Bandeira criada por Tiradentes, com complemento dos arcadistas |
De acordo com o professor Roberto Lopes (2000): “A expressão
Inconfidência Mineira é utilizada para designar aquele esboço de conspiração
ocorrido em Ouro Preto, entre os fins de 1788 e começos de 1789. No conjunto...
não foi além de reuniões, com variados graus de comprometimento...”2 sem apresentar maiores capacidades de
articulação entre os vários grupos de descontentes. Como pudemos ver, não foi um movimento de letrados, uma “conspiração
dos poetas” tal qual nos ensinam erroneamente na escola. Os arcadistas participaram
muito de soslaio do movimento, muito embora suas ideias o influenciassem significativamente.
Não havia unidade programática num Brasil imenso territorialmente, muitos
defendiam a permanência da escravidão porque vislumbravam tomar as terras da
Coroa e assumirem a condição de terratenentes; não sabiam o que fazer caso
conseguissem derrubar o governo Barbacena. De concreto, foi a proposta de
Tiradentes: a bandeira mineira de um triangulo representando a Santíssima
Trindade... Entretanto, a Derrama3 constituía-se
no aspecto centrípeto do programa dos “conjurados”.
Não obstante, o vasto oceano de ideias pelo qual Joaquim Xavier
singrava seus sonhos era costeado por um território inóspito no qual o meio
cultural-político impossibilitava qualquer postura que tendesse para o campo
revolucionário.
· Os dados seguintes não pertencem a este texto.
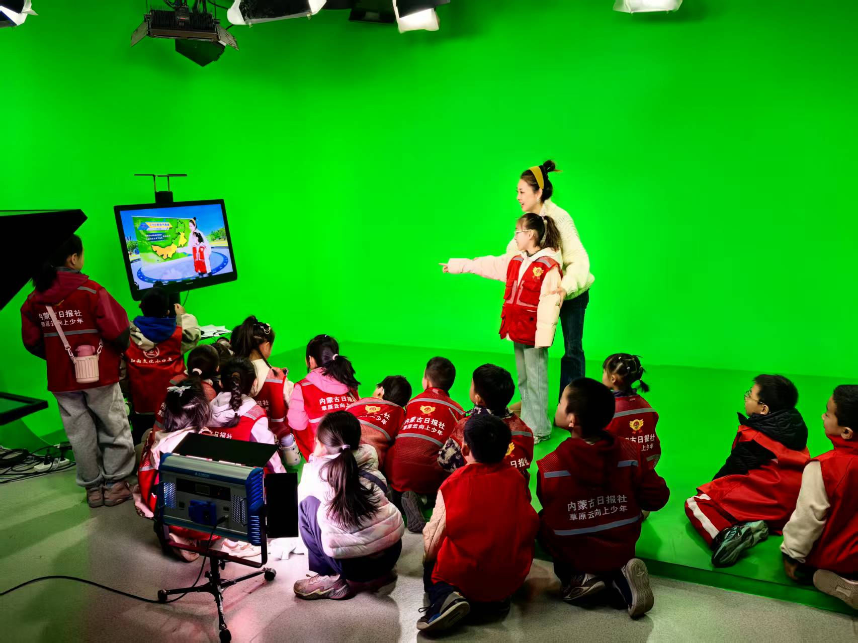 绿幕前小主持人上线!红马甲配电子琴,卡通动画在电视屏里蹦跶~棚内灯光一打,少年媒体初体验,萌翻啦~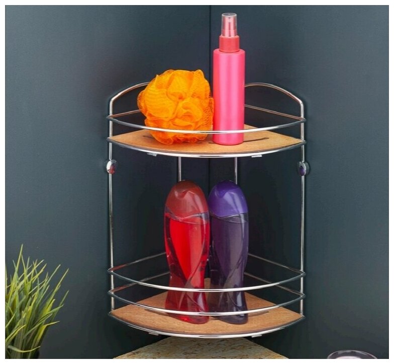Полка-корзина Tekno-tel BK074 угловая двухъярусная. Выполнена из высококачественных материалов. Подчеркнет современный стиль любой ванной комнаты или кухни.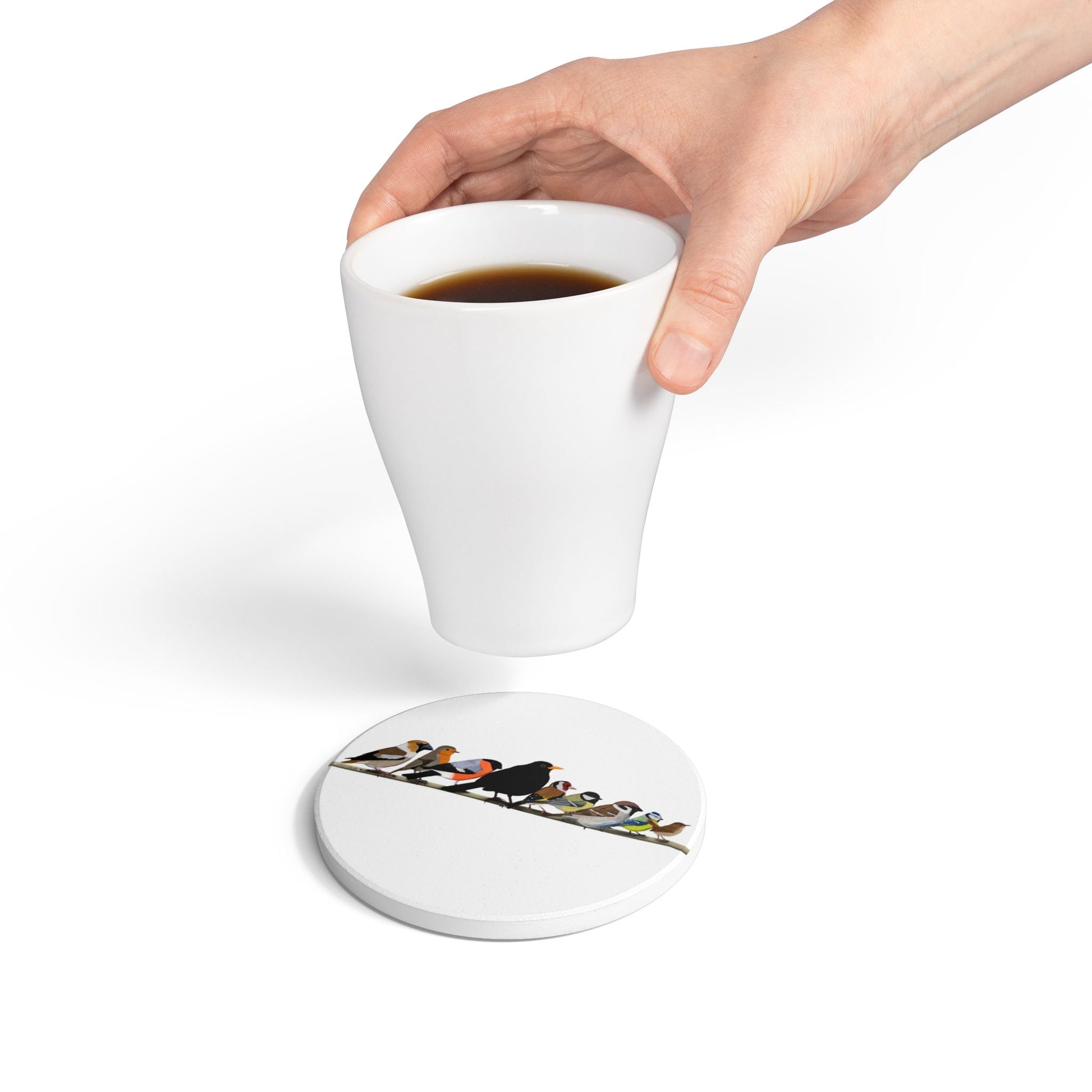 Vögel auf einem Ast Keramik-Untersetzer Vogelmotiv Weiß Amsel Rotkehlchen Blaumeise Zaunkönig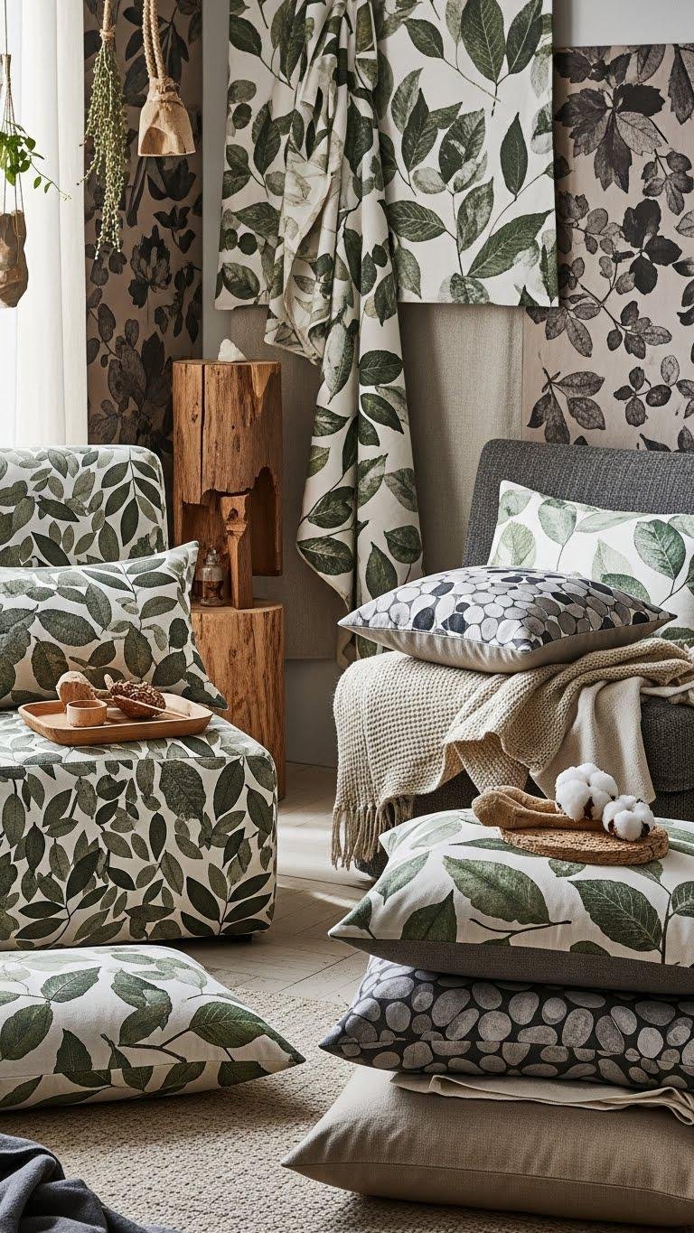 You’ll choose leaf pattern upholstery for a lived-in, free vibe and layer stone inspired textiles for grounding texture.

Os próprios vícios sociais da época, expresso na corrupção
endêmica fundamentava o antigo sistema colonial não fugiam dos inconfidentes,
apesar de haver historiadores que pleiteiam uma abordagem hagiográfica ao
encarar os personagens nos fatos! Tiradentes, por isso foi o elemento que
concentrava em si o espírito contestatório, porém nada “santo”.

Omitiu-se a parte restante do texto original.